Unfortunately the pictures are gone but we had a thread here a while ago where some rollers that had been test bred to be ash red and spread were showing very clear bars, I have had the same occurence in my loft with my rollers

The ones that are ash red spread and carry roller bronze show clear bars, the ones that do not carry roller bronze are normal ash red spreads. I will see If I can find the thread, I think the pics have been deleted though, If you were here at that time the overall consensus was that the birds has to be ash red spread as it was paired to a blue check and produced blacks in a breeding cage.


I thought Blue base with Indigo at first too but how do you explain the dark black flecking?


----------



## NZ Pigeon (Nov 12, 2011)

Here is the link to the pics http://www.pigeons.biz/forums/album.php?albumid=2153

Here is the thread. Let me know what you think as I am interested for another opinion. there was a second thread that I cannot find but Rudolph and Becky had a look and thought the only option for this bird was spread. Like I say I have been doing some tests and it seems that Spread does not fade out the bronze bars. The birds are slightly different to the one in question and I agree it looks a lot like Indigo but why the dark flecks, If the bird was bar in pattern the flecking that occurs up the wing shield should be gray not black as that area of the bird would be showing tangled pigment.


If I get a chance to show some of my spread rollers they too show a lot of bar for spreads. They all came from a homozxygous spread cockbird too so no doubt whether they are spread
http://www.pigeons.biz/forums/f41/could-this-mealy-cock-be-spread-58533.html?highlight=mealey+spread


----------



## amumtaz (Jun 13, 2007)

I just looked at the first link you provided. It baffles me why anyone might have thought that bird was spread. It is another indigo bar. Whatever the sub-terminal tail band does in the tail feathers, spread mutation does it in all over the bird. A spread ash-red would look like silver bird and you could not see those red brick bars on it. A spread indigo is called andalusion. It is normal for people to confuse the indigo and ash-red phenotypes because they do mimic each other. 

Flecking doesn’t only happen to ash-red birds. It is very, very, very common in indigo, all the almond series and grizzles. 

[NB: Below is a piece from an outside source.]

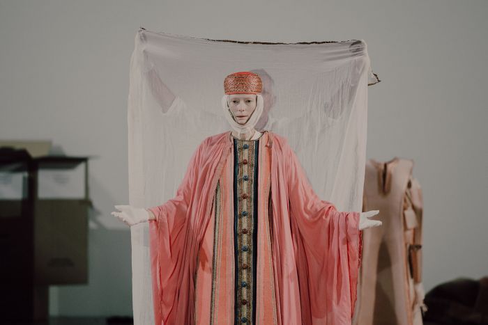 Minimalistyczna przestrzeń spektaklu potęguje jednocześnie prostotę rytuału i jego ceremonialność: neutralne tło i precyzyjne światło pozwala na lepszą ekspozycję kostiumów. W duecie z Tildą Swinton materiały, kolory, faktury i wspomnienia, także ładunki emocjonalne, które ze sobą niosą, stają się częścią „żywego muzeum”.

It is very easy for a T-pattern check bird to appear as spread if other darkening modifiers like sooty, smoky, dirty are present in the genotype.


----------



## NZ Pigeon (Nov 12, 2011)

amumtaz said:


> I just looked at the first link you provided. It baffles me why anyone might have thought that bird was spread. It is another indigo bar. Whatever the sub-terminal tail band does in the tail feathers, spread mutation does it in all over the bird. A spread ash-red would look like silver bird and you could not see those red brick bars on it. A spread indigo is called andalusion. It is normal for people to confuse the indigo and ash-red phenotypes because they do mimic each other.
> 
> Flecking doesn’t only happen to ash-red birds. It is very, very, very common in indigo, all the almond series and grizzles.
> 
> It is very easy for a T-pattern check bird to appear as spread if other darkening modifiers like sooty, smoky, dirty are present in the genotype.


Its an ash red spread on the other thread, If you saw the thread you would see how many pictures got shown of the offspring, They were in breeding cages and only produced blue checks and lavendars

I will get you some pics of my prooven ash red spreads that are very coarse and show bars, Not all ash red spreads appear silver but I do agree that your statement regarding the sub terminal bar being spread over the entire bird, in blue and brown this is always the case but in ash reds I have seen a lot of variation.


----------



## NZ Pigeon (Nov 12, 2011)

Here is a homozygous ash red spread T pattern, See how he is not plain silver, Now I admit his red areas are not as solid as this bird but he has produced barred offspring that carry roller bronze and show strong bars. I will get some pics tomorrow. All offspring from this bird have been either black or ash red spread and I have bred 27 birds from the pair.


----------